У Фройда есть наблюдение о том, что никто никогда не смеется в одиночестве. Мысль эту можно продолжить: никто ничего не станет делать в одиночестве. Поэтому одинокие люди не делают дела, но играют в то, что делают их.
Чаще всего я обращаю внимание на одиноких людей именно в метро: потому что все здесь — апофеоз движения. Движения, которое на самом деле никуда не приводит, кружит по кольцевой с утра до ночи.

Ольга: Гендер

На корпоративной вечеринке Ольга рассказала историю о том, как робкий, то есть непьющий-некурящий мальчик влюбился в пьющую-курящую оторву. Каждый раз, когда он целовал ее, то чувствовал прокуренный, пропитый язык. Каждый раз. Это потом стало его сексуальным пунктиком, ему потом не хватало этого с другими. В одной гинекологической брошюре я читал о похожем случае, когда парень сызмальства занимался онанизмом в ванной под шум воды, а потом уже не мог любить женщин вне банно-ванного антуража. А в другом журнале я читал о котятах, не боявшихся купаться, потому что выросли они под ванной, под шум воды, и эти звуки вошли в их естество.
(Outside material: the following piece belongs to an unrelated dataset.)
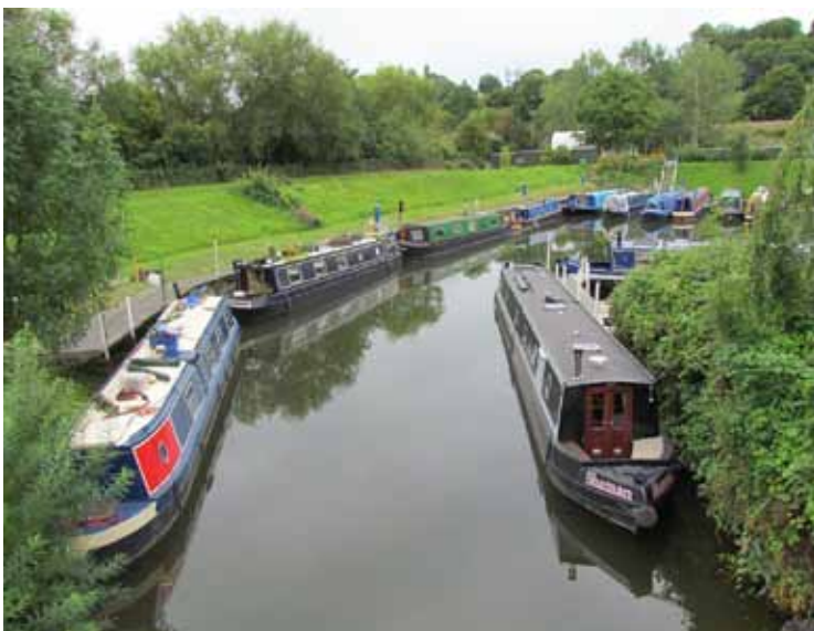
Narrow boats moored at Saltford Marina

And there are two railway lines – Brunel's Great Western Railway, still the main Bristol-London route, and the now-defunct Midland line, which was converted into Britain's first Sustrans cycle track in the 1980s.

На корпоративной вечеринке Ольга рассказала об особом виде флирта — сугубо московском, который раскаляется во время рабочего дня, но заканчивается в метро. Кажется, что вы уже практически переступили некий невидимый порог и салазки чувств вот-вот покатятся с горки, практически неуправляемые, но заканчивается рабочий день или вечеринка, на которой ты был любвеобилен, потому что перебрал немного, и все рассасывается вместе с алкогольными парами.
За этим ничего не следует, вот что самое интересное, важное, существенное. Ничего не значит ничего. Поразительно.

Городские пространства снов

Если смотреть ретроспективно, понимаешь, что сны складываются в какую-то неуловимую систему постоянных возвращений к одним и тем же мотивам, всплывающим, возможно, через годы, годы спустя. И ты помнишь уже не какие-то конкретные сны, но само ощущение от наличия этой системы. Потому что зафиксировать и удержать сновидения во всей их полноте невозможно, остаются последыши, тени. В них и привычно ковыряться, вспоминая на бегу о том, чего не было, но что было.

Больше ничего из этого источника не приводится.